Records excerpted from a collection
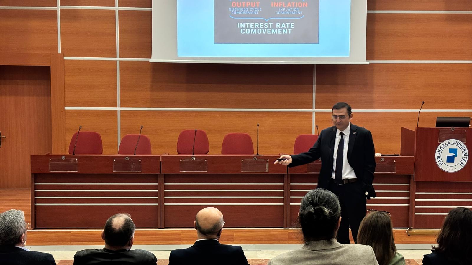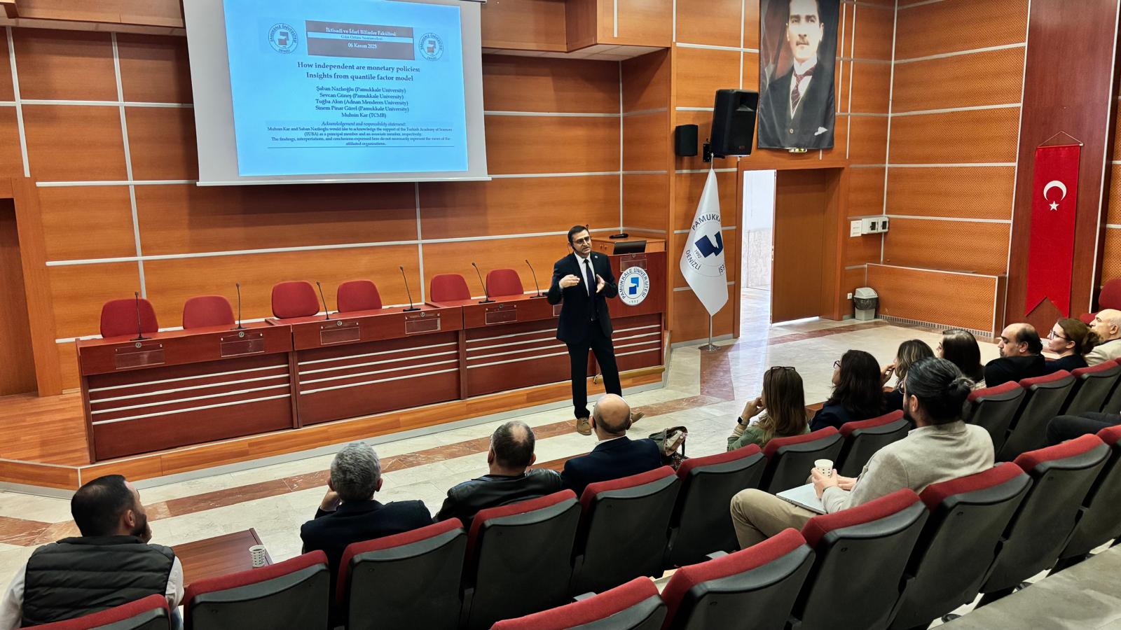 Prof. Dr. Şaban NAZLIOĞLU, sunumunda merkez bankası bağımsızlığını ele alarak enflasyon hedeflemesi, döviz kuru politikaları ve bu konuların finansal istikrar ile ilişkisini kapsamlı bir şekilde açıkladı. Profesör NAZLIOĞLU, özellikle Türkiye’nin de dahil olduğu gelişmekte olan ülkelerde para politikası kararlarındaki hareket alanının küresel enflasyon konjonktürüne bağlı olarak daralabildiğini vurgulayarak katılımcıların sorularını yanıtladı.
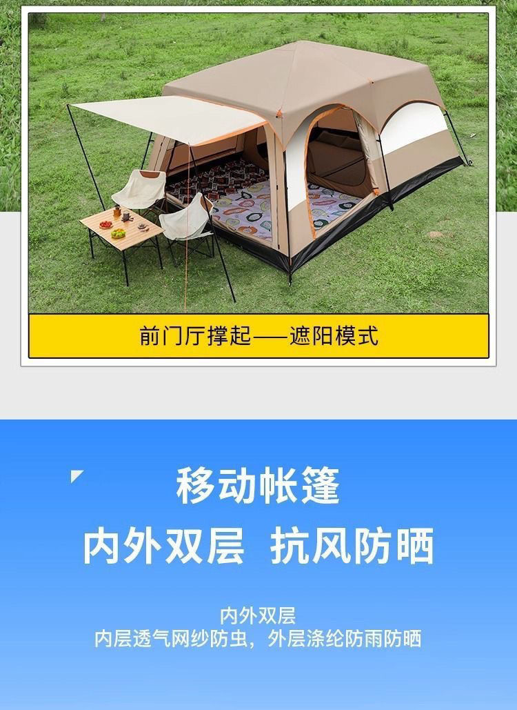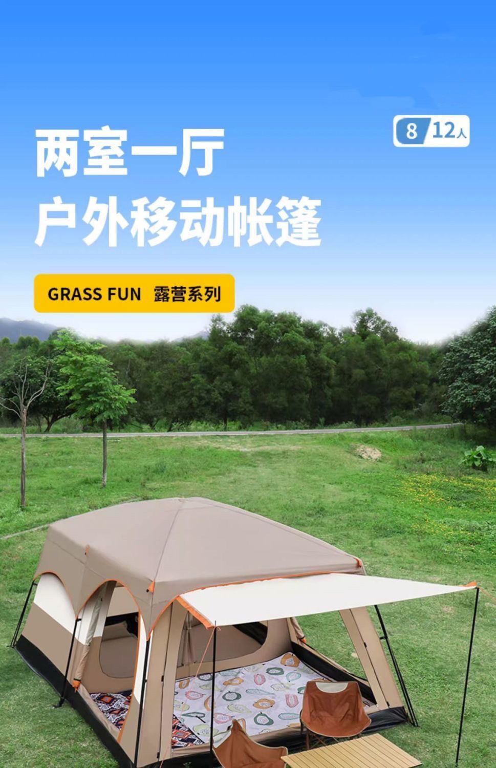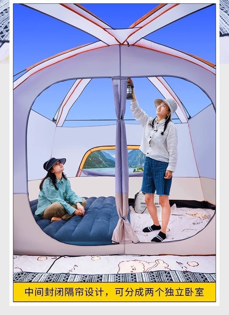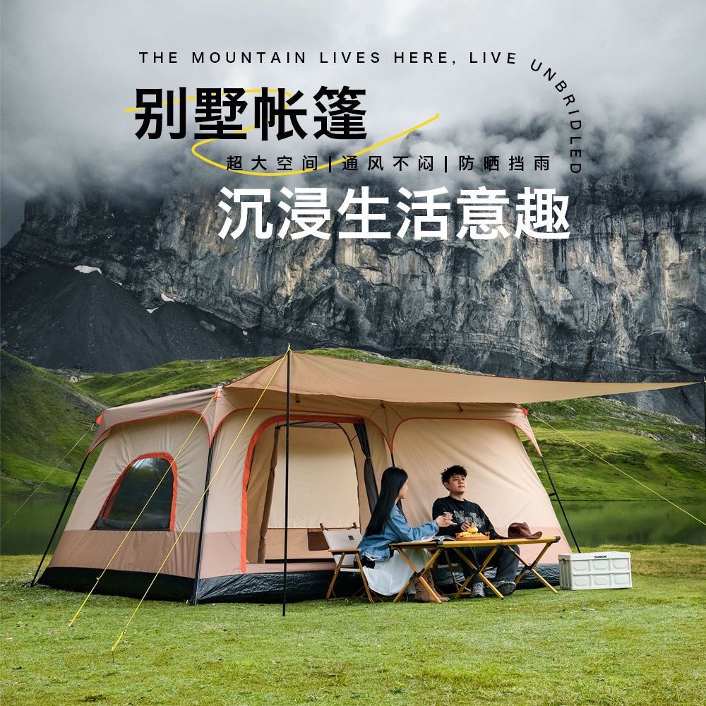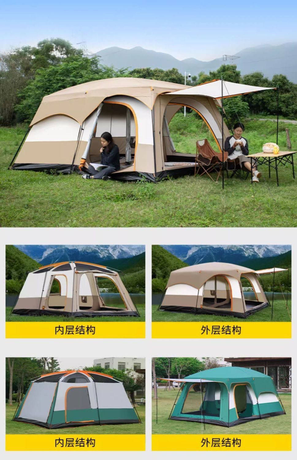 Produsen grosir tenda luar ruangan dua kamar dan satu ruang tamu 4 orang 8 orang 10 orang multi-orang berkemah tebal tahan hujan tenda berkemah peneduh matahari.
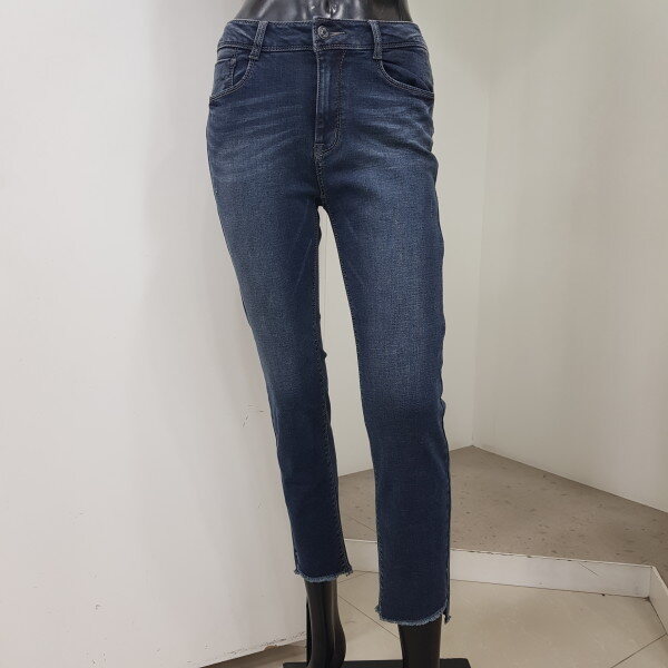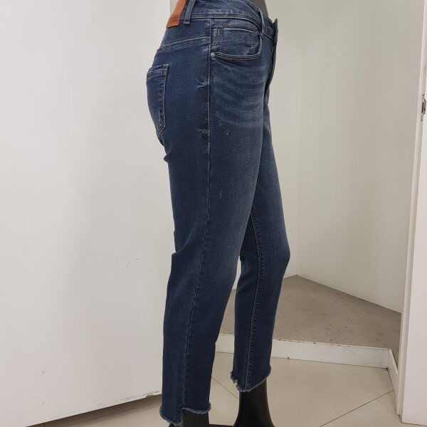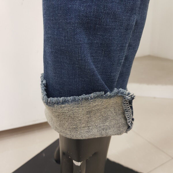 2018년 F/W 신상 여성 기모 DM톤 워싱 밑단변형 컴포트 크롭 스트레이트핏 데님 팬츠 입니다. NMF DDS540M의 기모버젼으로 몸판의 작은 기스구제들이 바닥컬러와 어우러지며 밑단에 사선으로 올이 풀리도록 포인트를 준 디자인 입니다. 캐쥬얼한 스타일에 멋스럽게 매치하기 좋은 아이템 입니다.
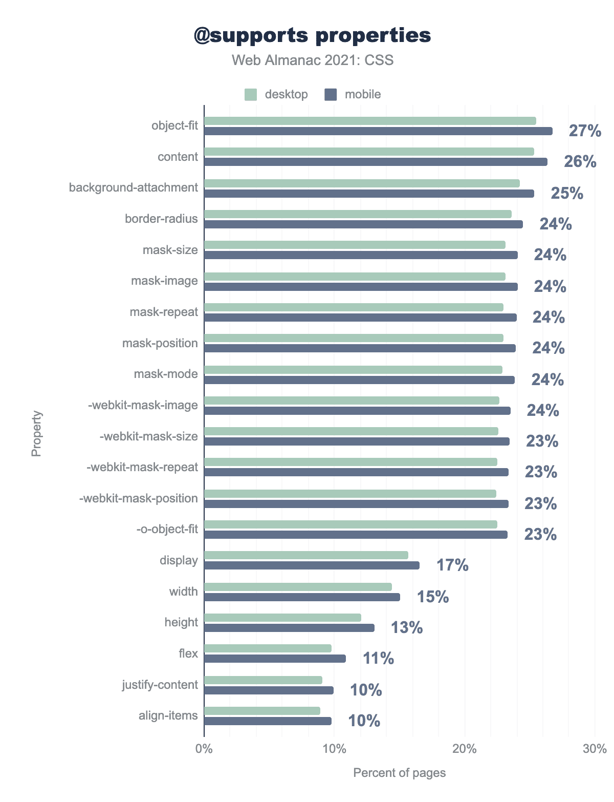 content 26%、background-attachment 25%、border-radius、mask-size、mask-image、mask-repeat、mask-position、mask-mode 24%、-webkit-mask-size、 -webkit-mask-repeatおよび -o-object-fit 23%、display 17%、width 15%、height 13%、flex 11%、justify-contentおよびalign-items 10%と続いています。サポートテストを行った後、これらの機能クエリブロックの内部で、どのプロパティを使用するのでしょうか?object-fit プロパティがもっとも多く、 mask-* プロパティは -webkit-mask-* プロパティと同様に良い結果を出しています。これは、最近までマスクの相互運用性がなく、Chromeではプロパティがまだ -webkitプレフィックスを必要と、したためと思われます。
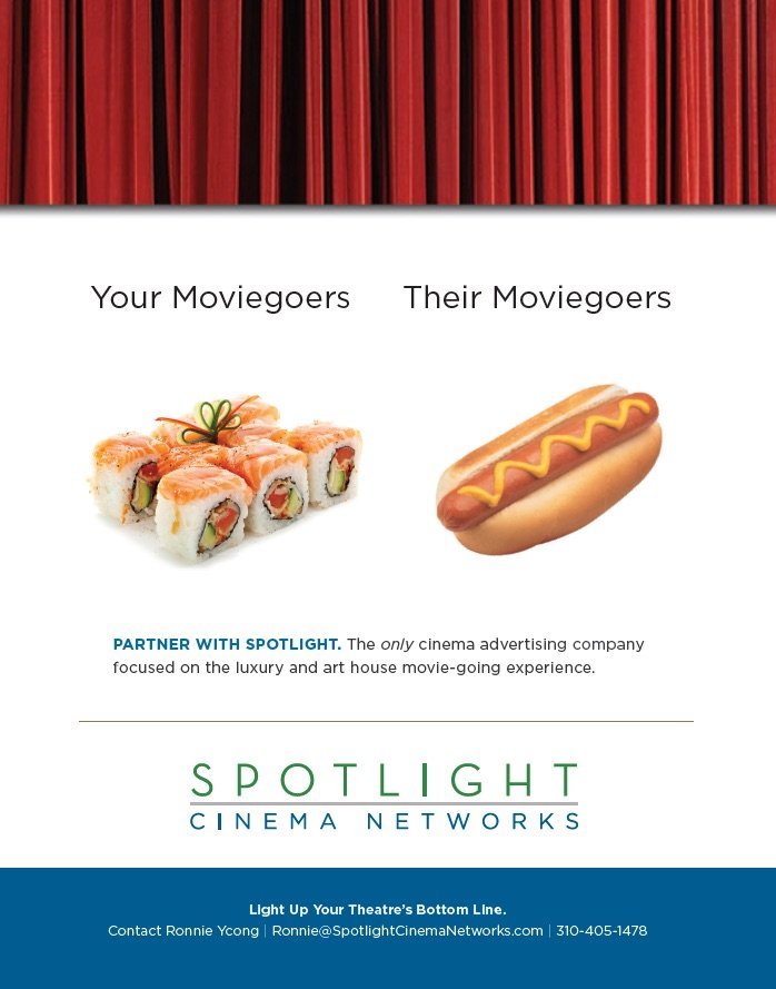 Trade ad targeted to theater owners, demonstrating how Spotlight understands the independent moviegoer demographic.
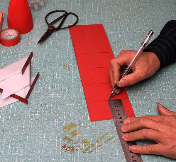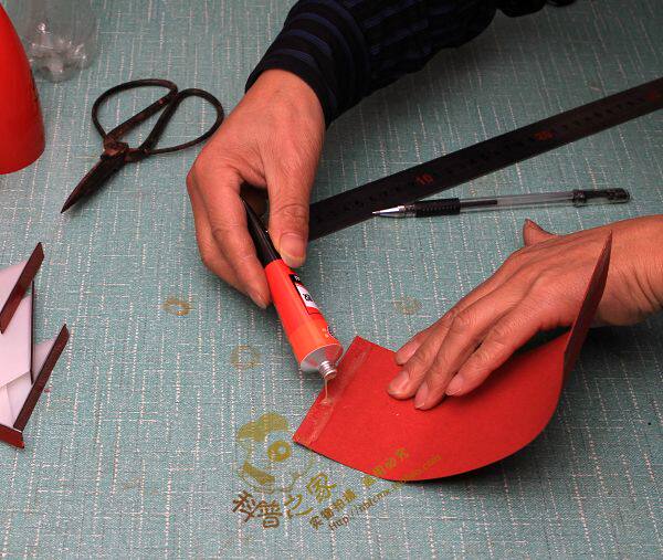 按原先畫好的等分線粘上半成品尾翼
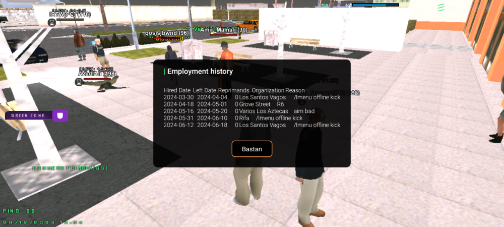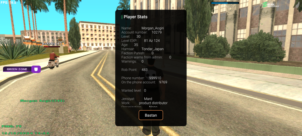 4. اطلاعات IC 1 - نام حساب کاربری شما : Moscow_Bloodline 2 - سطح حساب کاربری شما : 16 ۳ - سن شخصیت حساب کاربری شما : 32 4 - سوابق خود را در سازمان های جنایی شرح دهید : Grove Rifa Grove Aztec توجه : عکس از wbook/ و stats/ حساب کاربری خود را حتما در پیام ارسال فرم بارگذاری کنید. اطلاعات OOC 1 - آیدی تلگرام : @itzalizz 2 - آیدی دیسکورد : @niggabashi 3 - مقدار تایم پلی روزانه :+2 4 - در چه حد از رول پلی آگاهی دارید و به قوانین آن مسلط هستید ؟ کاملاً 5 - در چه حد با نحوه کارکرد سایت انجمن آشنایی دارید ؟مسلطم
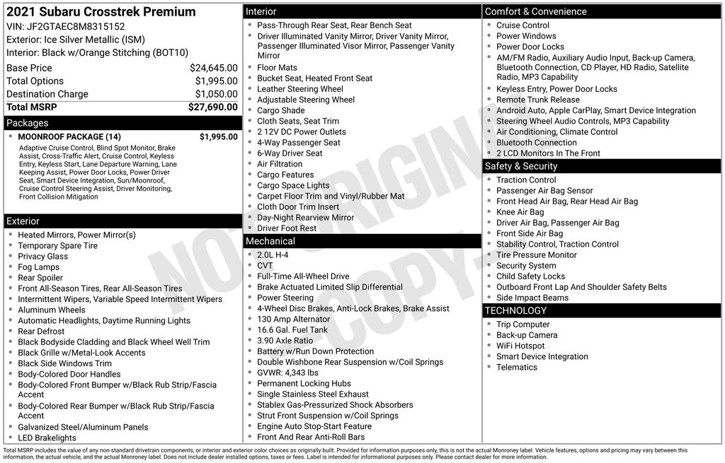 Oliver Subaru of Rutland is proud to present you with another True Market Priced Pre-Owned Vehicle. This 2021 Subaru Crosstrek Premium is loaded with the following Factory Options: 17" Alloy Wheels, 4-Wheel Disc Brakes, CD player, Four wheel independent suspension, Radio: Subaru STARLINK 6.5" Multimedia Plus System, and Steering wheel mounted audio controls Moonroof Package (6-Way Power Driver's Seat, Blind Spot Detection (BSD), EyeSight System, Keyless Access w/Push-Button Start, and Power Moonroof), 17" Alloy Wheels, 4-Wheel Disc Brakes, CD player, Four wheel independent suspension, Radio: Subaru STARLINK 6.5" Multimedia Plus System, Steering wheel mounted audio controls, 6 Speakers, ABS brakes, Air Conditioning, Alloy wheels, AM/FM radio: SiriusXM, Anti-whiplash front head restraints, Automatic temperature control, Brake assist, Cloth Upholstery, Driver door bin, Driver vanity mirror, Dual front impact airbags, Dual front side impact airbags, Electronic Stability Control, Emergency communication system: STARLINK Safety and Security (Subscription Required), Exterior Parking Camera Rear, Front anti-roll bar, Front Bucket Seats, Front Center Armrest, Front fog lights, Front reading lights, Fully automatic headlights, Heated door mirrors, Heated Front Bucket Seats, Heated front seats, Illuminated entry, Knee airbag, Leather Shift Knob, Low tire pressure warning, Occupant sensing airbag, Outside temperature display, Overhead airbag, Overhead console, Panic alarm, Passenger door bin, Passenger vanity mirror, Power door mirrors, Power steering, Power windows, Radio data system, Rear anti-roll bar, Rear window defroster, Rear window wiper, Remote keyless entry, Security system, Speed control, Speed-sensing steering, Split folding rear seat, Spoiler, STARLINK/Apple CarPlay/Android Auto, Tachometer, Telescoping steering wheel, Tilt steering wheel, Traction control, Trip computer, and Variably intermittent wipers!!

#### [What you should do]
Set down all of the entries exactly as they stand, without any image.

#### [Written answer]
 Prof. Dr. Şaban NAZLIOĞLU, sunumunda merkez bankası bağımsızlığını ele alarak enflasyon hedeflemesi, döviz kuru politikaları ve bu konuların finansal istikrar ile ilişkisini kapsamlı bir şekilde açıkladı. Profesör NAZLIOĞLU, özellikle Türkiye’nin de dahil olduğu gelişmekte olan ülkelerde para politikası kararlarındaki hareket alanının küresel enflasyon konjonktürüne bağlı olarak daralabildiğini vurgulayarak katılımcıların sorularını yanıtladı.
 Produsen grosir tenda luar ruangan dua kamar dan satu ruang tamu 4 orang 8 orang 10 orang multi-orang berkemah tebal tahan hujan tenda berkemah peneduh matahari.
 2018년 F/W 신상 여성 기모 DM톤 워싱 밑단변형 컴포트 크롭 스트레이트핏 데님 팬츠 입니다. NMF DDS540M의 기모버젼으로 몸판의 작은 기스구제들이 바닥컬러와 어우러지며 밑단에 사선으로 올이 풀리도록 포인트를 준 디자인 입니다. 캐쥬얼한 스타일에 멋스럽게 매치하기 좋은 아이템 입니다.
 content 26%、background-attachment 25%、border-radius、mask-size、mask-image、mask-repeat、mask-position、mask-mode 24%、-webkit-mask-size、 -webkit-mask-repeatおよび -o-object-fit 23%、display 17%、width 15%、height 13%、flex 11%、justify-contentおよびalign-items 10%と続いています。サポートテストを行った後、これらの機能クエリブロックの内部で、どのプロパティを使用するのでしょうか?object-fit プロパティがもっとも多く、 mask-* プロパティは -webkit-mask-* プロパティと同様に良い結果を出しています。これは、最近までマスクの相互運用性がなく、Chromeではプロパティがまだ -webkitプレフィックスを必要と、したためと思われます。
 Trade ad targeted to theater owners, demonstrating how Spotlight understands the independent moviegoer demographic.
 按原先畫好的等分線粘上半成品尾翼
 4. اطلاعات IC 1 - نام حساب کاربری شما : Moscow_Bloodline 2 - سطح حساب کاربری شما : 16 ۳ - سن شخصیت حساب کاربری شما : 32 4 - سوابق خود را در سازمان های جنایی شرح دهید : Grove Rifa Grove Aztec توجه : عکس از wbook/ و stats/ حساب کاربری خود را حتما در پیام ارسال فرم بارگذاری کنید. اطلاعات OOC 1 - آیدی تلگرام : @itzalizz 2 - آیدی دیسکورد : @niggabashi 3 - مقدار تایم پلی روزانه :+2 4 - در چه حد از رول پلی آگاهی دارید و به قوانین آن مسلط هستید ؟ کاملاً 5 - در چه حد با نحوه کارکرد سایت انجمن آشنایی دارید ؟مسلطم
 Oliver Subaru of Rutland is proud to present you with another True Market Priced Pre-Owned Vehicle. This 2021 Subaru Crosstrek Premium is loaded with the following Factory Options: 17" Alloy Wheels, 4-Wheel Disc Brakes, CD player, Four wheel independent suspension, Radio: Subaru STARLINK 6.5" Multimedia Plus System, and Steering wheel mounted audio controls Moonroof Package (6-Way Power Driver's Seat, Blind Spot Detection (BSD), EyeSight System, Keyless Access w/Push-Button Start, and Power Moonroof), 17" Alloy Wheels, 4-Wheel Disc Brakes, CD player, Four wheel independent suspension, Radio: Subaru STARLINK 6.5" Multimedia Plus System, Steering wheel mounted audio controls, 6 Speakers, ABS brakes, Air Conditioning, Alloy wheels, AM/FM radio: SiriusXM, Anti-whiplash front head restraints, Automatic temperature control, Brake assist, Cloth Upholstery, Driver door bin, Driver vanity mirror, Dual front impact airbags, Dual front side impact airbags, Electronic Stability Control, Emergency communication system: STARLINK Safety and Security (Subscription Required), Exterior Parking Camera Rear, Front anti-roll bar, Front Bucket Seats, Front Center Armrest, Front fog lights, Front reading lights, Fully automatic headlights, Heated door mirrors, Heated Front Bucket Seats, Heated front seats, Illuminated entry, Knee airbag, Leather Shift Knob, Low tire pressure warning, Occupant sensing airbag, Outside temperature display, Overhead airbag, Overhead console, Panic alarm, Passenger door bin, Passenger vanity mirror, Power door mirrors, Power steering, Power windows, Radio data system, Rear anti-roll bar, Rear window defroster, Rear window wiper, Remote keyless entry, Security system, Speed control, Speed-sensing steering, Split folding rear seat, Spoiler, STARLINK/Apple CarPlay/Android Auto, Tachometer, Telescoping steering wheel, Tilt steering wheel, Traction control, Trip computer, and Variably intermittent wipers!!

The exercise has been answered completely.